Exercise goal
For this exercise, the lines from the one with "Dryss mel på" through the final line of the data below are to be transcribed exactly, and pictures are to be skipped.
Top of Provided information
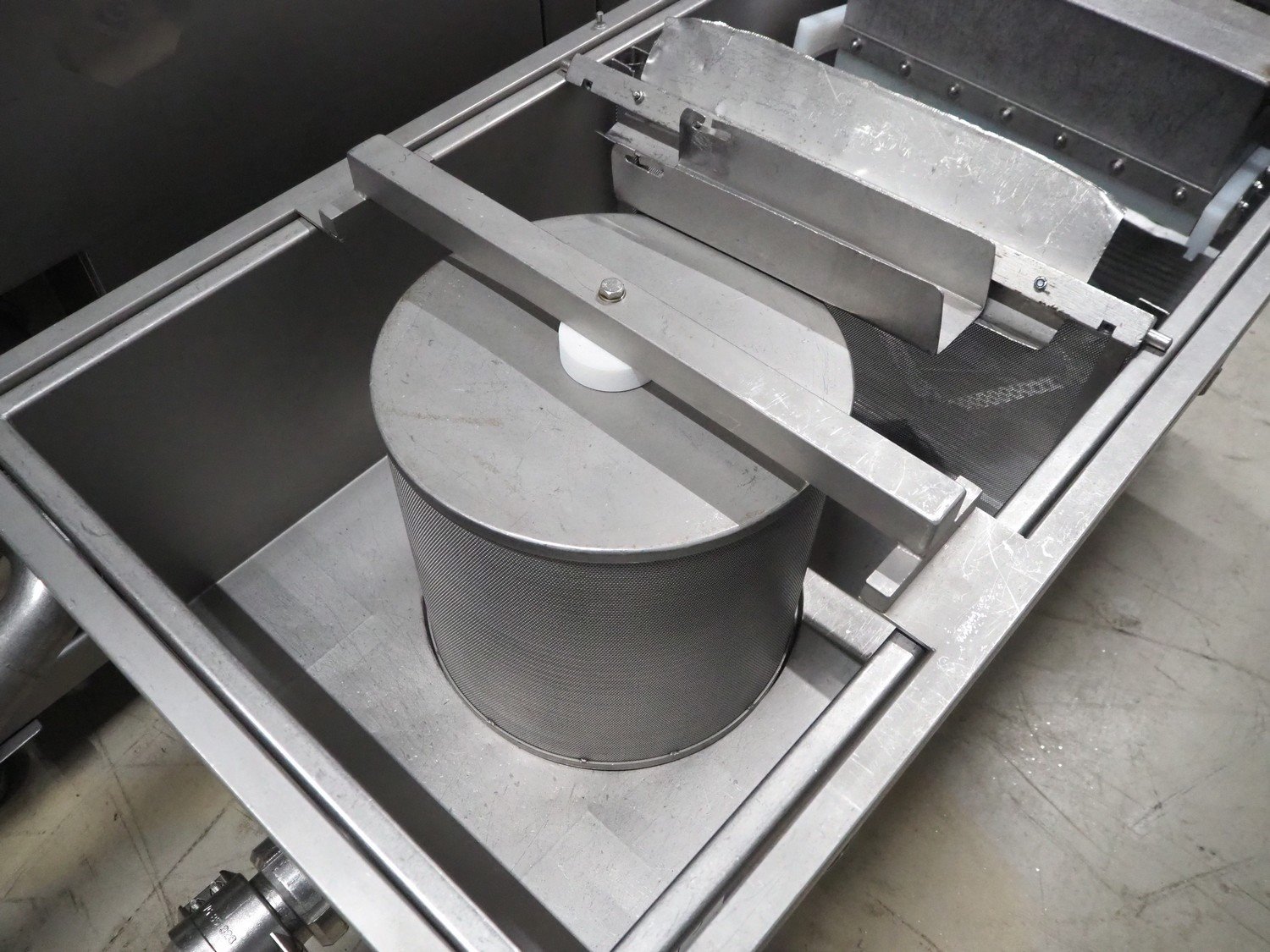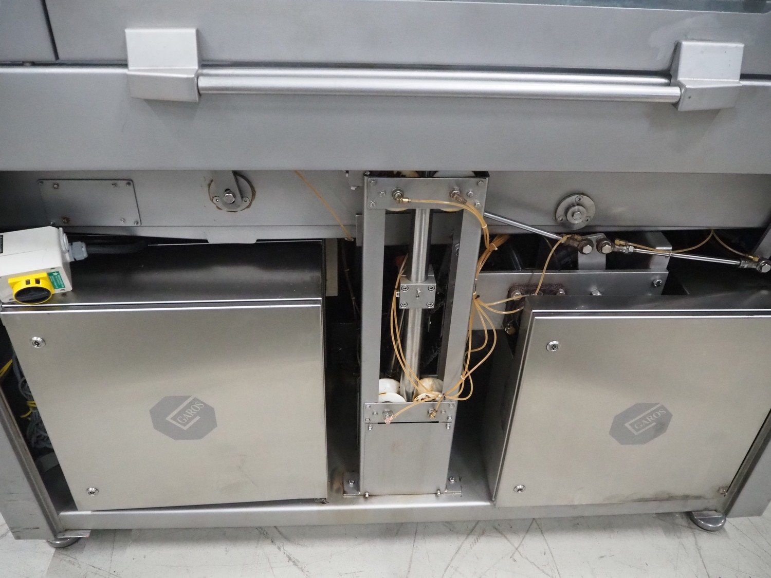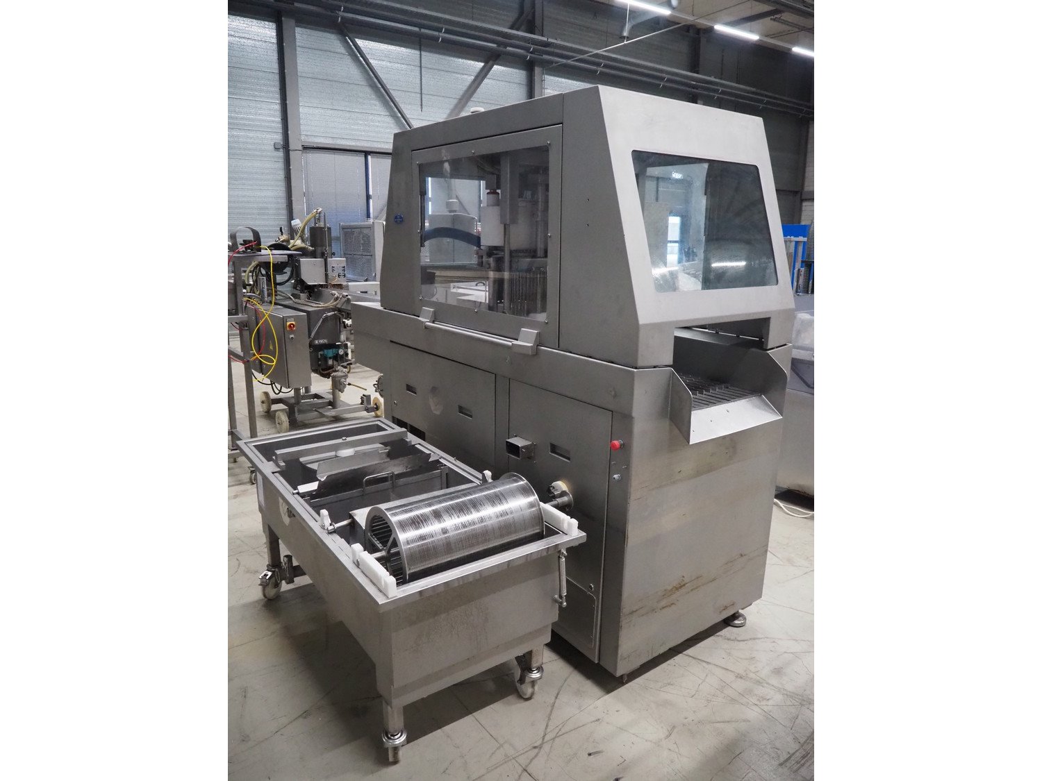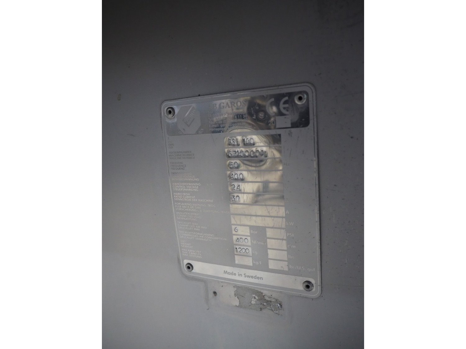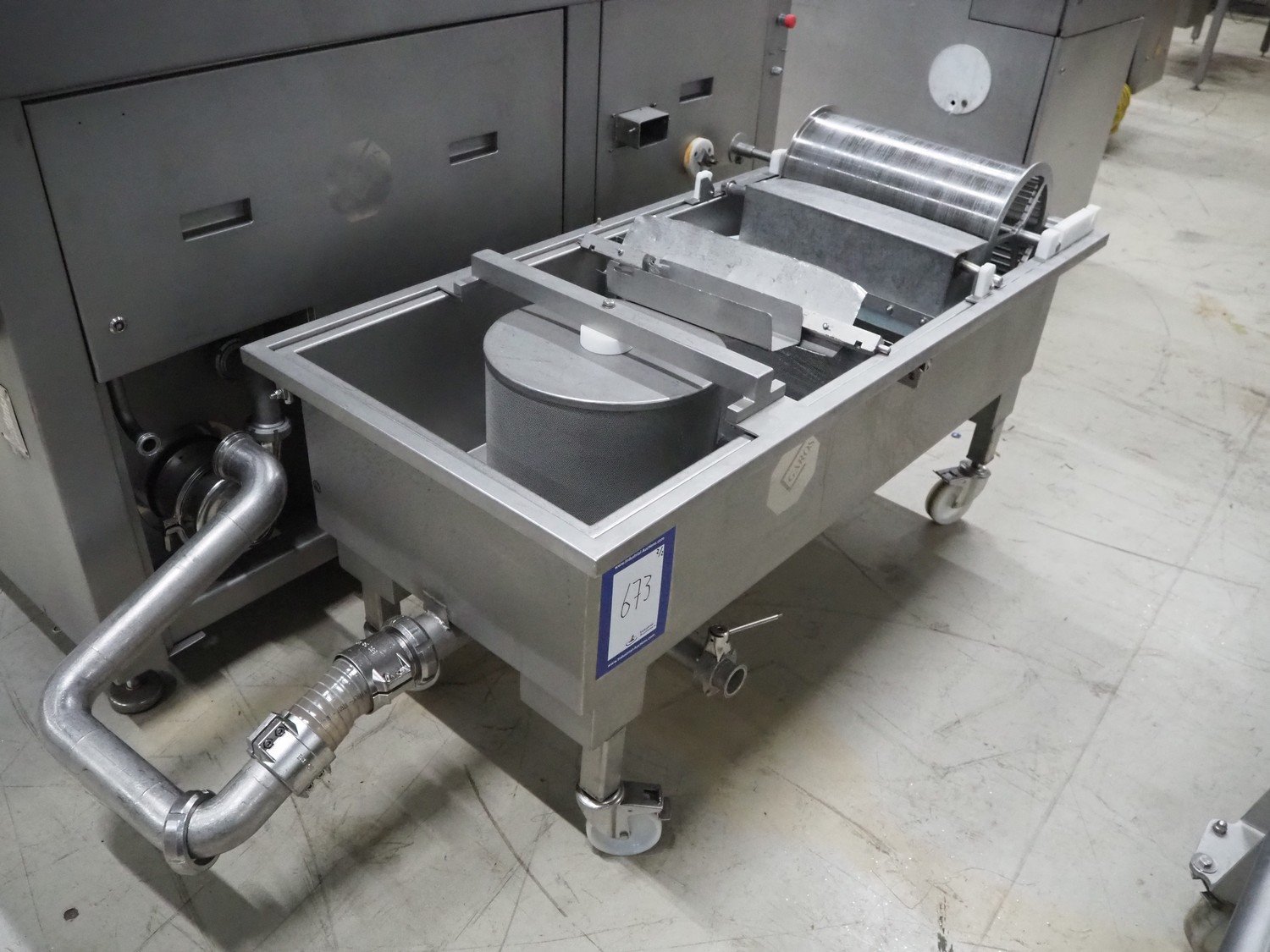 Garos injector, type: GSI 160, machine number: 67100001, 400 V, 50 Hz, 30 A, weight: 1200 kg, s/s walking beam, beam width: 550 mm, 160 needles, total dimensions: 2350 mm x 980 mm x 2350 mm. Including mobile filter tub, dimensions: 1950 mm x 750 mm x 800 mm.
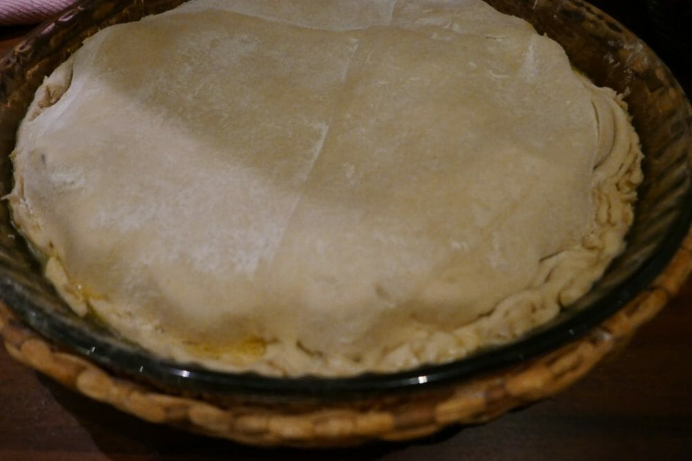 Dryss mel på benken og legg butterdeigplatene så de overlapper hverandre. Kjevle deigen så mye ut, at den er 2 cm større enn formen. Legg deigen over løken og klem den forsiktig ned rundt kanten. Plasser formen midt i ovnen på 200 grader og stek i 25-30 minutter, eller til butterdeigen har hevet og fått fin, gyllen farge.
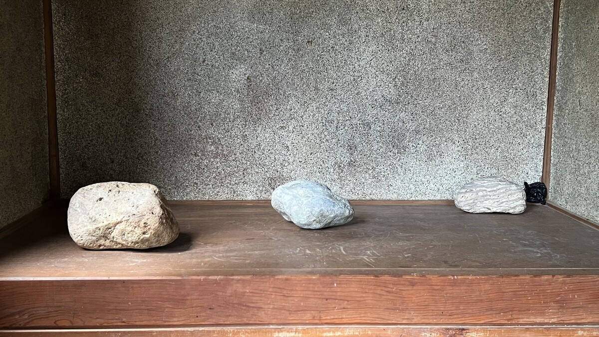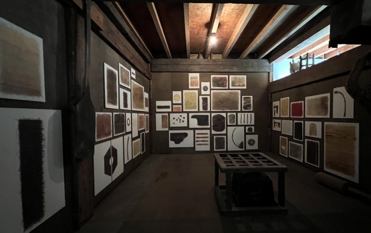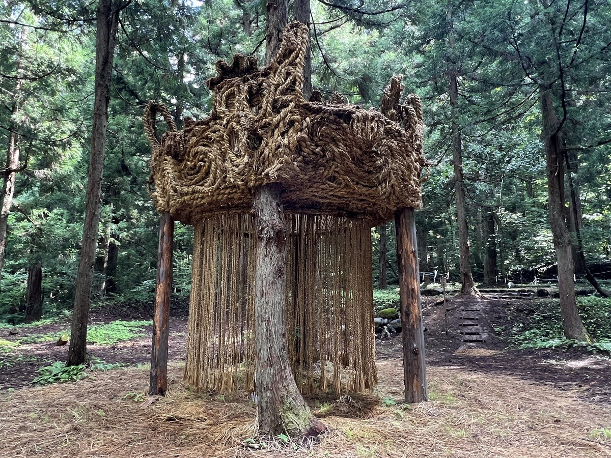 二階は、白い空間となっていて、小さな孔から覗くと、そこには山が表現されている。
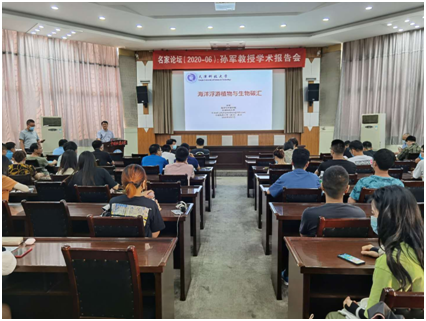 2020年9月7日下午,孙军教授以“海洋浮游植物与生物碳汇”为题,在我校名家论坛作报告。探花视频 党委书记成军主持报告会,生环国重、环境学院、材化学院、探花视频 师生聆听报告并进行交流讨论。
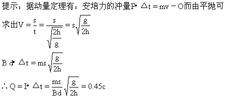 4、简答题 如图,相距d=10cm水平放置在高h处的两根导电轨道,轨道间接有电源,处于磁感强度B=0.1T、垂直轨道平面向上的匀强磁场中.K断开时,将一根质量m=3g的金属杆放于轨道一边缘处,然后闭合K,金属杆沿水平方向飞出落于地面上,其水平距离s=1.5m.h=5m,则闭合K时通过金属杆的电量为多少?
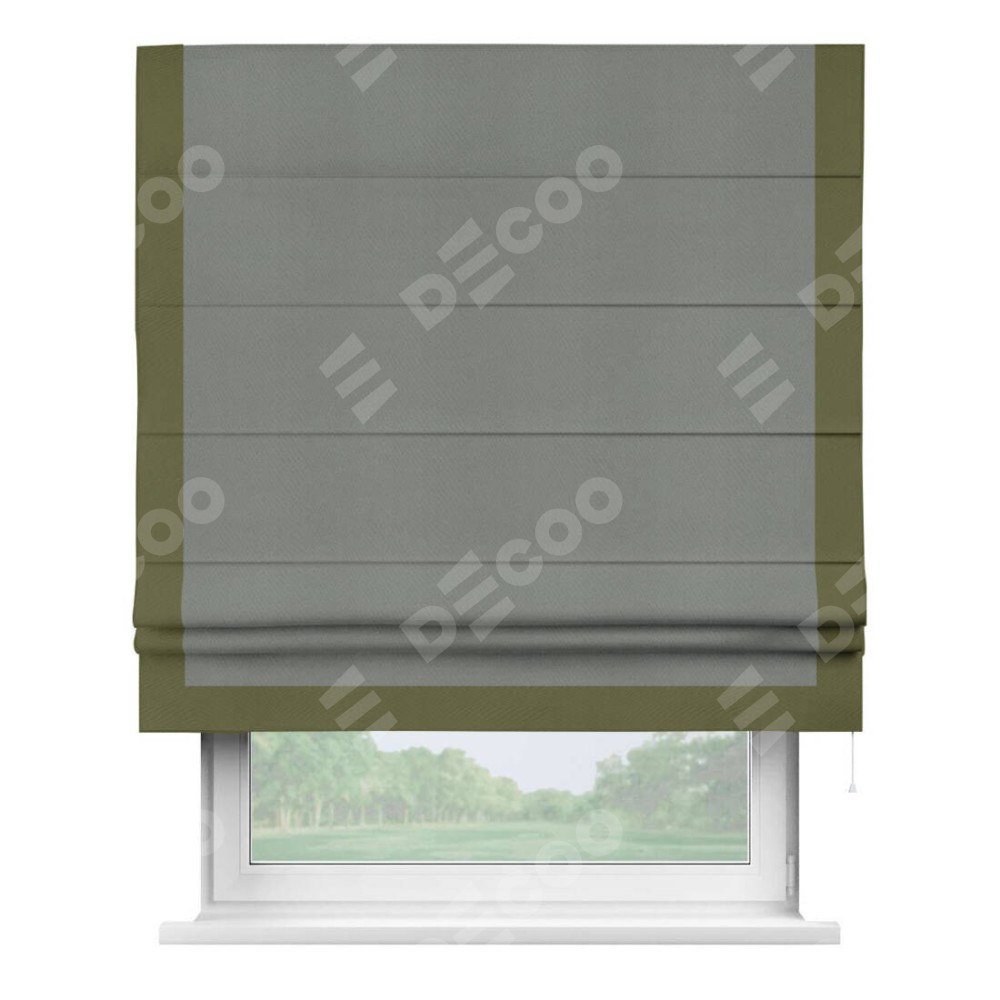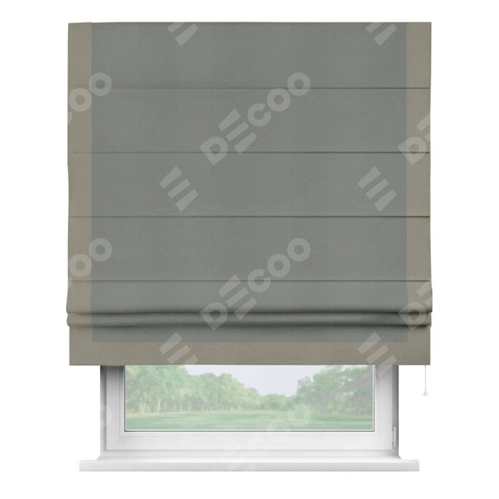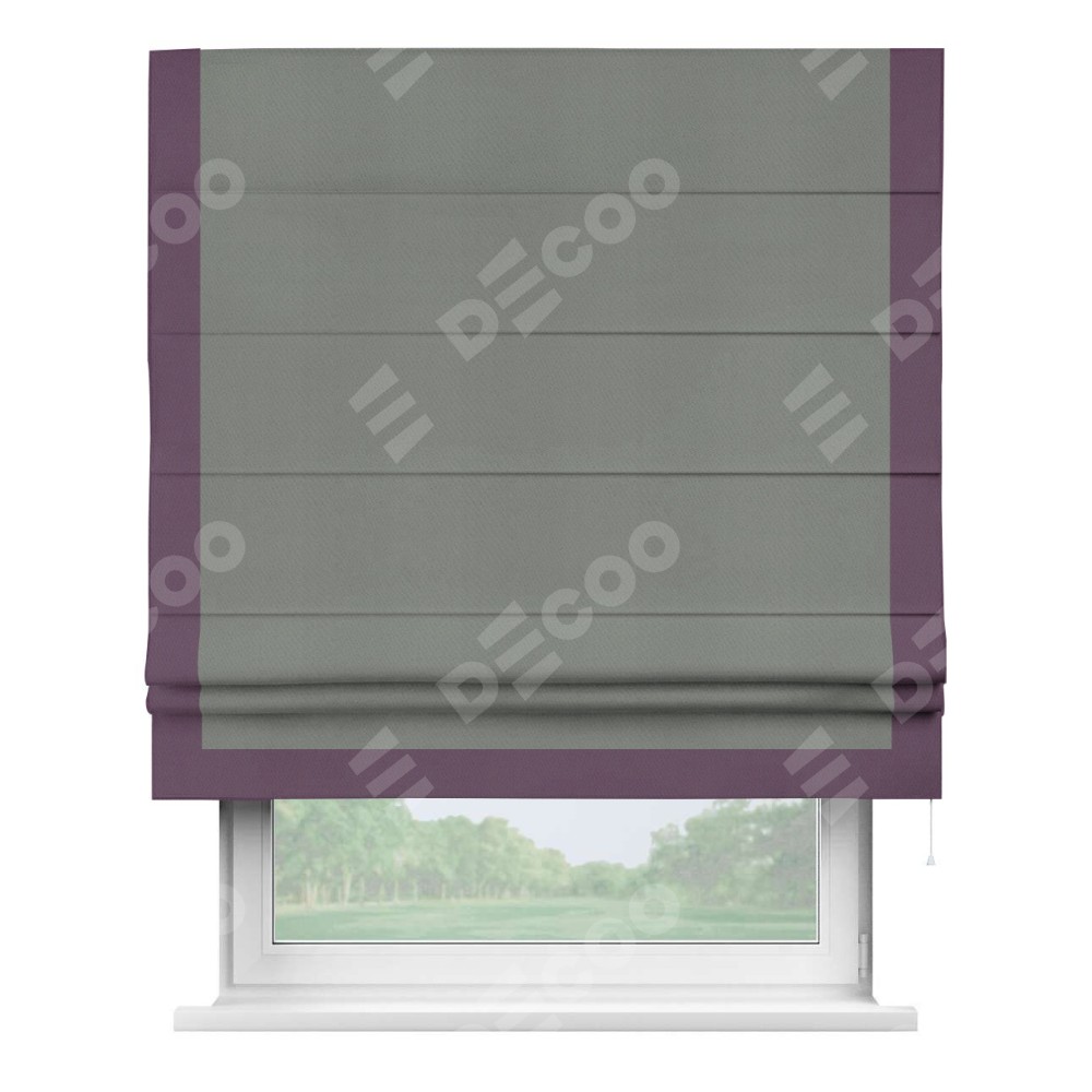 Римская штора производителя «Cortin», используется для проёма, пошита из ткани блэкаут однотонный тёмно-серый, артикул ткани 18077. Отделка шторы кантом «Виктория», ткань для канта используется из блэкаута однотонного разной расцветки на выбор. Имеет универсальный механизм и подходит для монтажа: на потолок, на стену и в нишу.
Bottom of Provided information
Exercise solution
 Dryss mel på benken og legg butterdeigplatene så de overlapper hverandre. Kjevle deigen så mye ut, at den er 2 cm større enn formen. Legg deigen over løken og klem den forsiktig ned rundt kanten. Plasser formen midt i ovnen på 200 grader og stek i 25-30 minutter, eller til butterdeigen har hevet og fått fin, gyllen farge.
 二階は、白い空間となっていて、小さな孔から覗くと、そこには山が表現されている。
 2020年9月7日下午,孙军教授以“海洋浮游植物与生物碳汇”为题,在我校名家论坛作报告。探花视频 党委书记成军主持报告会,生环国重、环境学院、材化学院、探花视频 师生聆听报告并进行交流讨论。
 4、简答题 如图,相距d=10cm水平放置在高h处的两根导电轨道,轨道间接有电源,处于磁感强度B=0.1T、垂直轨道平面向上的匀强磁场中.K断开时,将一根质量m=3g的金属杆放于轨道一边缘处,然后闭合K,金属杆沿水平方向飞出落于地面上,其水平距离s=1.5m.h=5m,则闭合K时通过金属杆的电量为多少?
 Римская штора производителя «Cortin», используется для проёма, пошита из ткани блэкаут однотонный тёмно-серый, артикул ткани 18077. Отделка шторы кантом «Виктория», ткань для канта используется из блэкаута однотонного разной расцветки на выбор. Имеет универсальный механизм и подходит для монтажа: на потолок, на стену и в нишу.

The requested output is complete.